Kapitel Elf
Nach Damons Weggang herrschte Stille im Zimmer.
Ich war allein mit meinen Gedanken.
Ich saß still auf dem Bett und wischte mir eine Träne weg.
Ich blickte aus dem Fenster und stand auf.
Meine Beine fühlten sich unter meinem Gewicht ganz schwach an.
Es war über eine Woche her, seit ich ans Bett gefesselt war. Meine Beine waren schwach, aber ich zwang mich aufzustehen. Ich stand auf und stützte mich am Fenster ab.
Ich blickte zu den Sternen, die Nachtluft wehte mir ins Gesicht.

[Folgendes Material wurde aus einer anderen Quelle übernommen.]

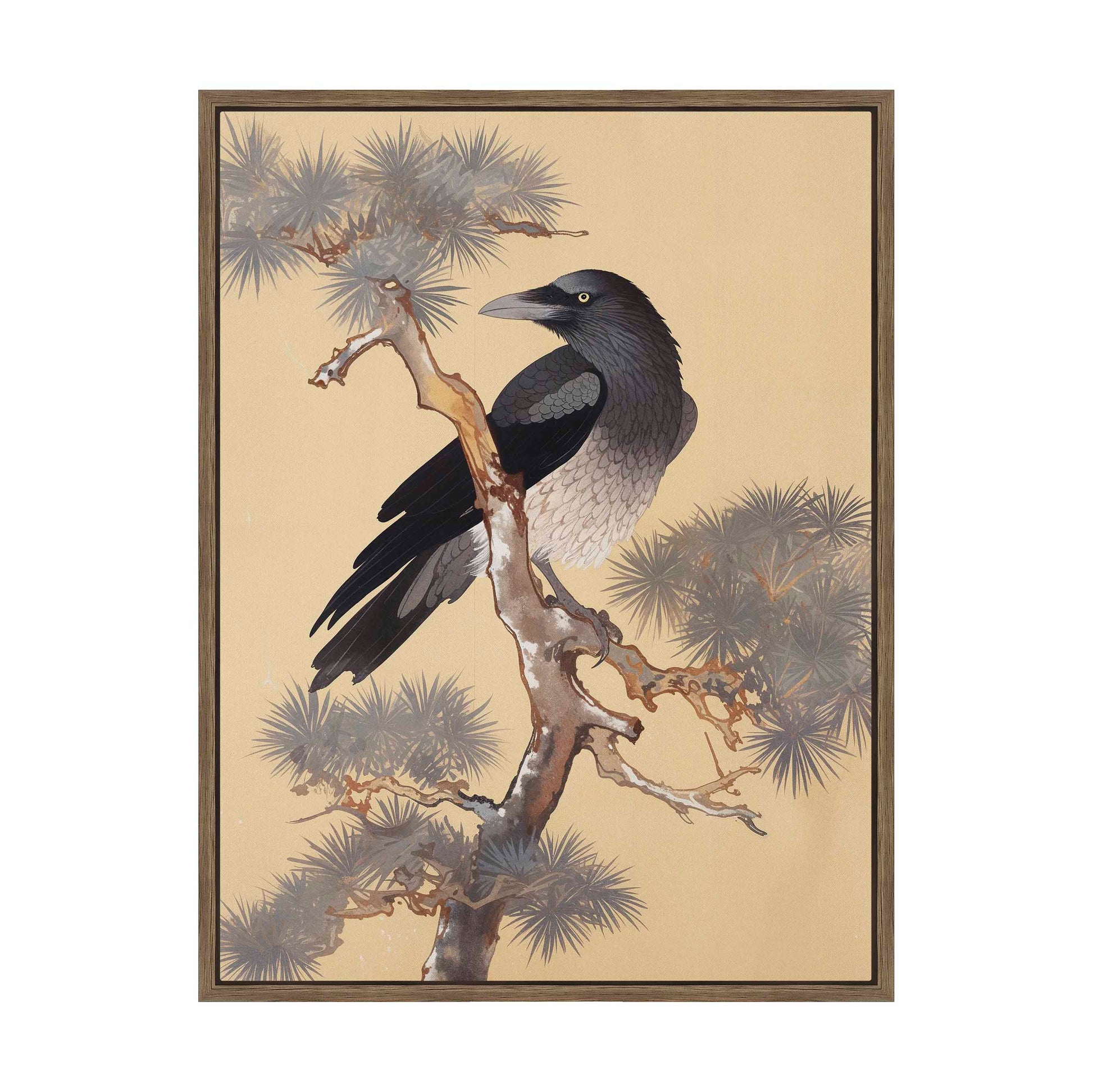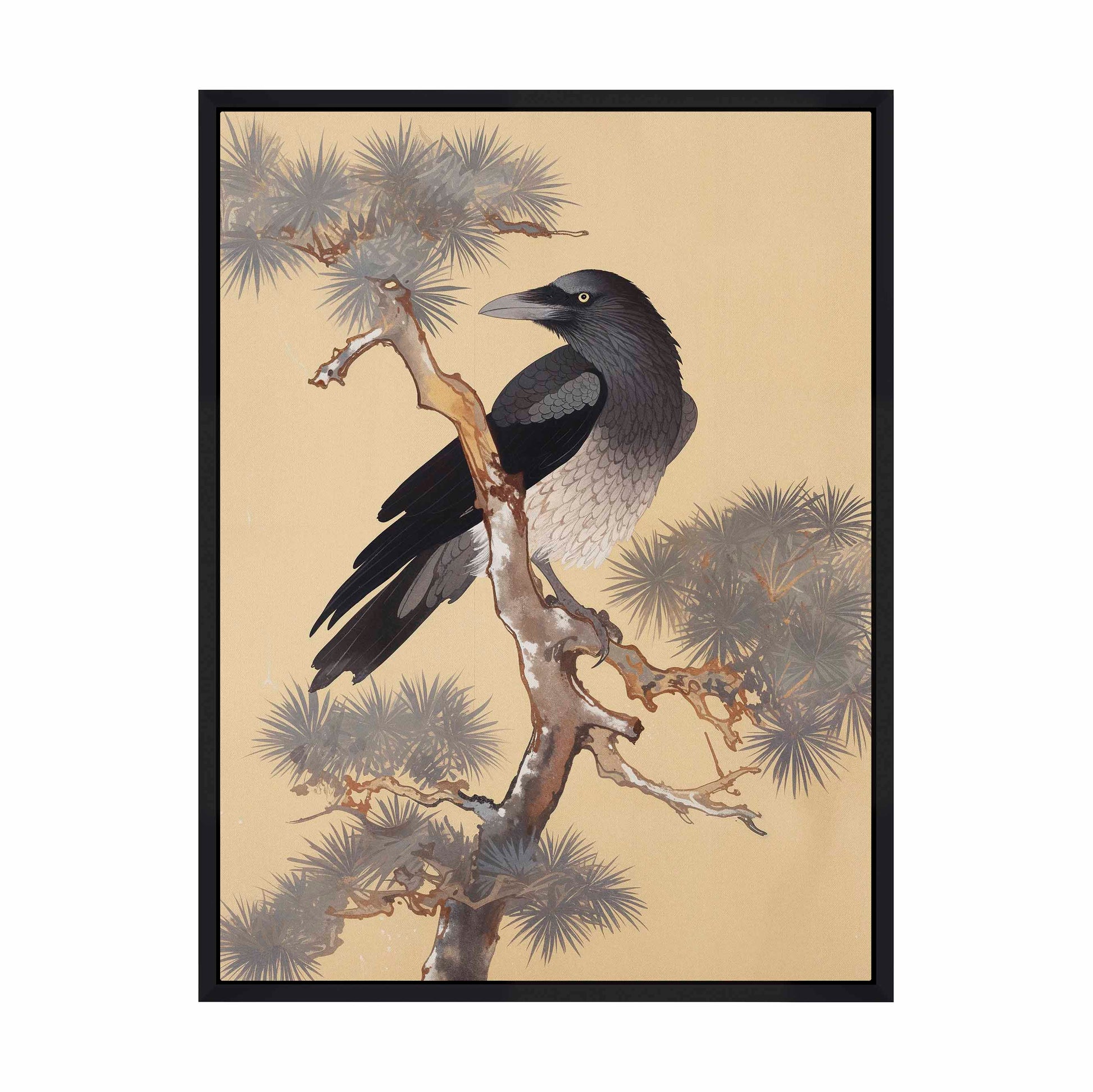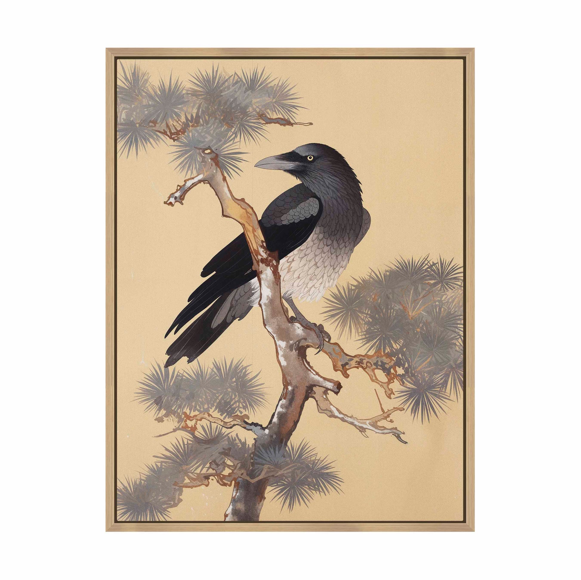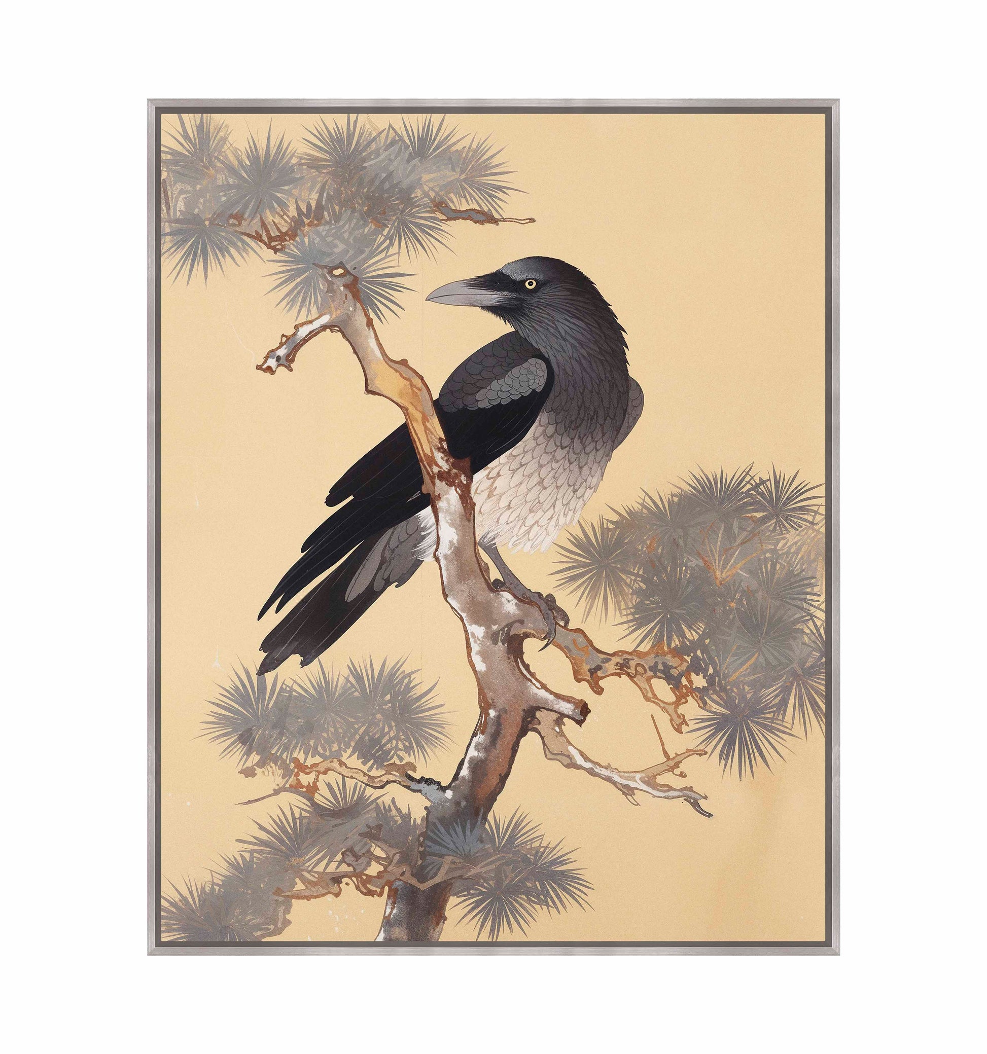 Mystic Watcher - Raven in Pine Grove is an evocative piece from the Kyoto Summer Collection, capturing the enigmatic presence of a raven perched gracefully amidst a tranquil pine grove. The raven's sleek black and grey feathers contrast beautifully against the warm, golden background and the soft needles of the pine tree.

Ich wusste nicht, was ich denken sollte. Wenigstens war ich in Damons Haus sicher. Mir fiel auf, dass er mehr Wachen um das Haus postiert hatte. Sie patrouillierten draußen, und ihre Anwesenheit gab mir ein Gefühl der Sicherheit.
Ein plötzliches Geräusch vor der Tür ließ mich zusammenzucken.
Ich trat hinaus, um nachzusehen, und folgte dem Geräusch in den Flur.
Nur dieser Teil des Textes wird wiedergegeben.